Working with agent dimension in multi-agent workflows based on single policy (parameter sharing)

[p-veloso]

I am looking for a simple library to implement parameter sharing in multi-agent RL using single-agent RL algorithms. I have just discovered Tianshou and it looks awesome, but I have a problem with the dimension of the data that represents the n of agents.

My project uses a custom grid-based environment where:

• the observation has shape (n_agents, n_channels, h, w)
• the state-action vector has shape (n_agents, n_actions)
• the action vector is discrete and has shape (n_agents)
• the reward signal has shape (n_agents)

As far as I understand, Tianshou uses the collector both for getting the batches for the simulation (in one or multiple environments) and for retrieving batches for the training. Therefore, the

• the batch observation has shape (batch_size, n_agents, n_channels, h, w)
• the batch state-action vector has shape (batch_size, n_agents, n_actions)
• the batch action vector is discrete and has shape (batch_size, n_agents)
• the batch reward signal has shape (batch_size, n_agents)

Notice that the number of samples in a batch from the perspective of the neural network (batch_size * n_agents) is different from the number of samples from the perspective of the environment (batch_size), which can be problematic.
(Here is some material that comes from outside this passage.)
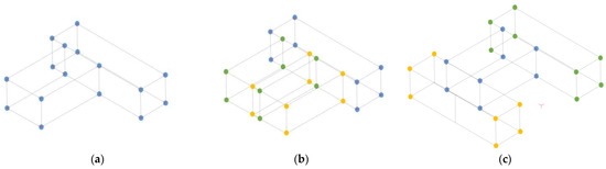 Visualization of the corner points from the as-built (yellow) and transformed as-planned model (green) resulting in aligned corner points (blue) according to each cluster transformation (a–c).

In the simulation, the agents should generate a coherent trajectory, so the n_agents dimension is important to indicate which action vectors should be passed to which environment. I can use the forward method of the neural network model to check if the n_agents dimension exists. In this case, I concatenate batch_size and n_agents to train the neural networks and then reshape the resulting q-values to extract the action vector for each environment.
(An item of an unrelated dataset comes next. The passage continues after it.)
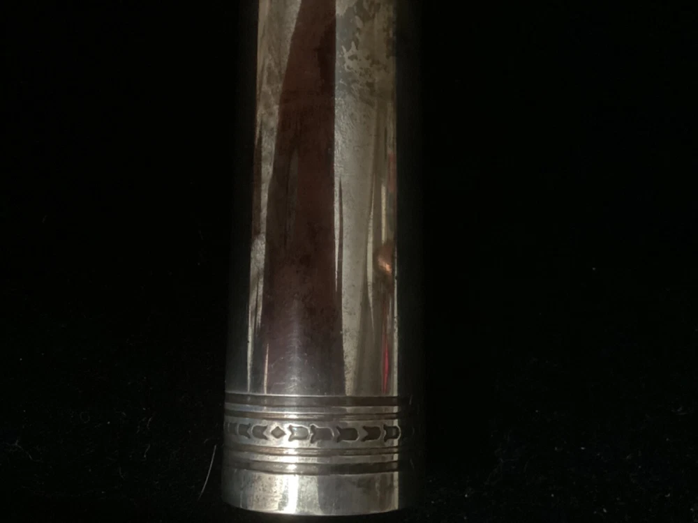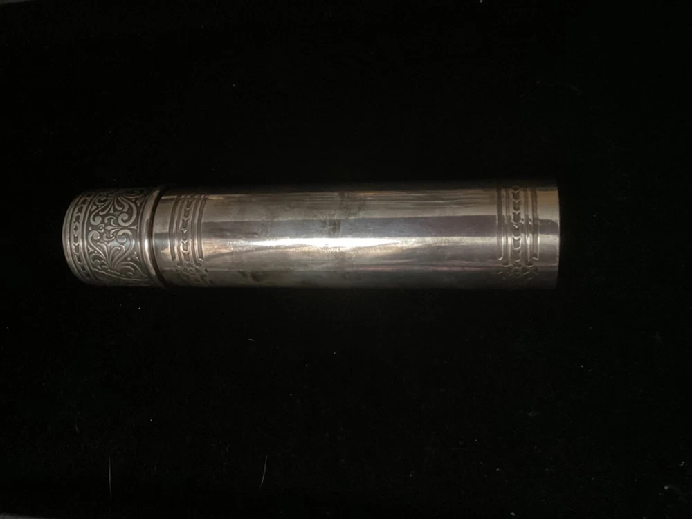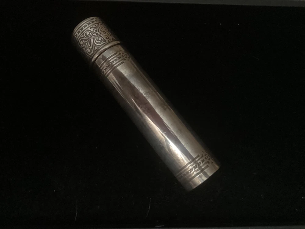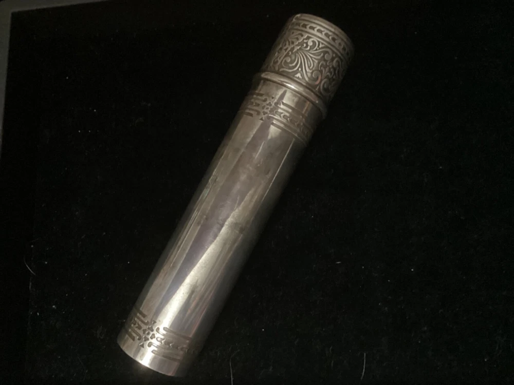 This listing is for a beautiful, large 925 Sterling silver cigar tube, made some time between 1910 and 1947 by Tiffany & Co. The epitome of elegance, it is embossed with a beautiful pattern on the entire cap, and around the borders of the tube itself. This piece is quite substantial. On my postage scale, it weighs 6.4 ounces. It measures 6 1/2” long with the cap on, and is about 1.5” in diameter. It is in excellent condition with no dings or scratches. I chose not to clean it with any type of silver polish—just buffed it up a little bit with a silver cloth. I rotated the tube as I was taking photos so that you could see all sides Please ask any questions you may have before making a purchase, as I do not accept returns. Thanks for looking!!

    def forward(self, s, state=None, info={}):
        shape = s.shape
        s = to_torch(s, device=self.device, dtype=torch.float).cuda() 
        if len(s.shape) == 5: #(batch_size, n_agents, n_channels, h, w)
            s = s.view(shape[0] * shape[1], shape[2], shape[3], shape[4]) #(batch_size * n_agents, n_channels, h, w)
            q_values = self.model(s) #(batch_size * n_agents, n_actions)
            q_values = q_values.view(shape[0], shape[1], -1) #(batch_size, n_agents, n_actions)
        return q_values, state

However, this creates a problem on the training side, because the observations are stored with the n_agents dimension in the buffer. For the the training algorithm, that dimension does not exist. For example, in the line 91 of dqn.py (tianshou 0.2.3)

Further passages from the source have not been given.